The vulnerability CVE-2026-29049 affects chainguard-dev's melange tool, specifically versions 0.40.5 and earlier. Melange is used to build APK packages through declarative pipelines. The issue lies in the update-cache component (pkg/renovate/cache/cache.go), where the function downloads data from URIs specified in build configurations using io.Copy without imposing any size restrictions or HTTP client timeouts. Because the URI is attacker-controlled, an adversary can craft a malicious build configuration that points to a resource that causes unbounded data downloads and disk writes. This leads to uncontrolled resource consumption, specifically disk space exhaustion on the build runner environment. The vulnerability is categorized under CWE-400 (Uncontrolled Resource Consumption) and CWE-918 (Server-Side Request Forgery), indicating that the attacker can influence server-side requests to cause resource depletion. Exploitation does not require authentication but does require user interaction to supply a malicious build configuration. The CVSS v3.1 base score is 4.3 (medium severity), reflecting network attack vector, low complexity, no privileges required, but requiring user interaction, and impacting availability only. No patches or fixes have been publicly released at the time of publication, and no known exploits have been observed in the wild. This vulnerability can disrupt build pipelines by causing denial of service due to disk exhaustion, potentially delaying software delivery and impacting development operations.

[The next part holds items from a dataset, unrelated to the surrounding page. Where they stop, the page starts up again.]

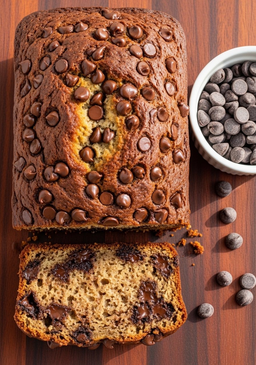 I sprinkle extra chips on top before baking so you get a glossy chocolate finish—use semi-sweet chips for balance.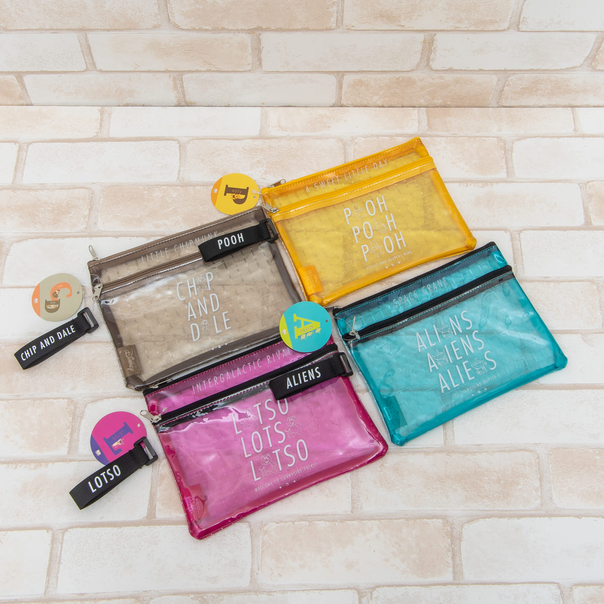 メッシュ入りのビニール素材がおしゃれでかわいいクリアペンケース。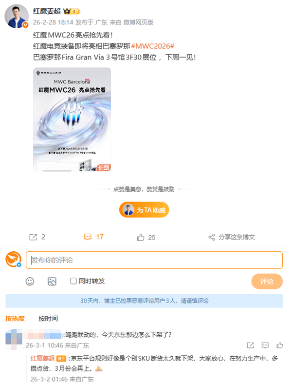 对此,红魔游戏手机产品总经理姜超表示:“京东平台规则好像是个别SKU断货太久就下架,大家放心,在努力生产中,多攒点货,3月份会再上。”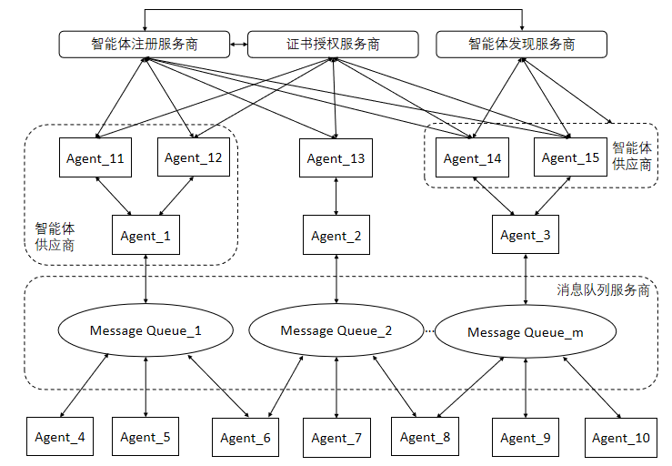 - 互联服务域:互联服务域是智能体互联中智能体描述管理、智能体发现和消息分发的功能集合,为智能体互联中的互联协作提供服务。

The primary impact of this vulnerability is denial of service through disk space exhaustion on build runner systems. Organizations relying on melange for automated APK package builds may experience build failures, pipeline interruptions, and degraded developer productivity. In environments with limited disk capacity or shared build infrastructure, this could lead to cascading failures affecting multiple projects or teams. Although the vulnerability does not directly compromise confidentiality or integrity, the availability impact can delay software releases and increase operational costs. Attackers could exploit this flaw to disrupt continuous integration/continuous deployment (CI/CD) workflows, potentially impacting organizations that depend on rapid and reliable build processes. Since the vulnerability requires user interaction to supply malicious configurations, insider threats or compromised developer environments could increase risk. The lack of a public patch means organizations must rely on mitigations until an official fix is released.

To mitigate this vulnerability, organizations should implement strict validation and sanitization of build configurations to prevent untrusted or attacker-controlled URIs from being used in melange pipelines. Restricting who can submit or modify build configurations reduces risk. Network-level controls such as egress filtering and limiting outbound HTTP requests from build runners can prevent access to malicious URIs. Monitoring disk usage on build runners with alerting for abnormal growth can enable early detection of exploitation attempts. Employing container or VM resource quotas can limit the impact of resource exhaustion. If possible, temporarily disabling or isolating the update-cache functionality until a patch is available can reduce exposure. Organizations should track chainguard-dev announcements for patches and apply updates promptly once released. Additionally, consider implementing HTTP client timeouts and size limits in custom wrappers or proxy layers if modifying melange is feasible internally.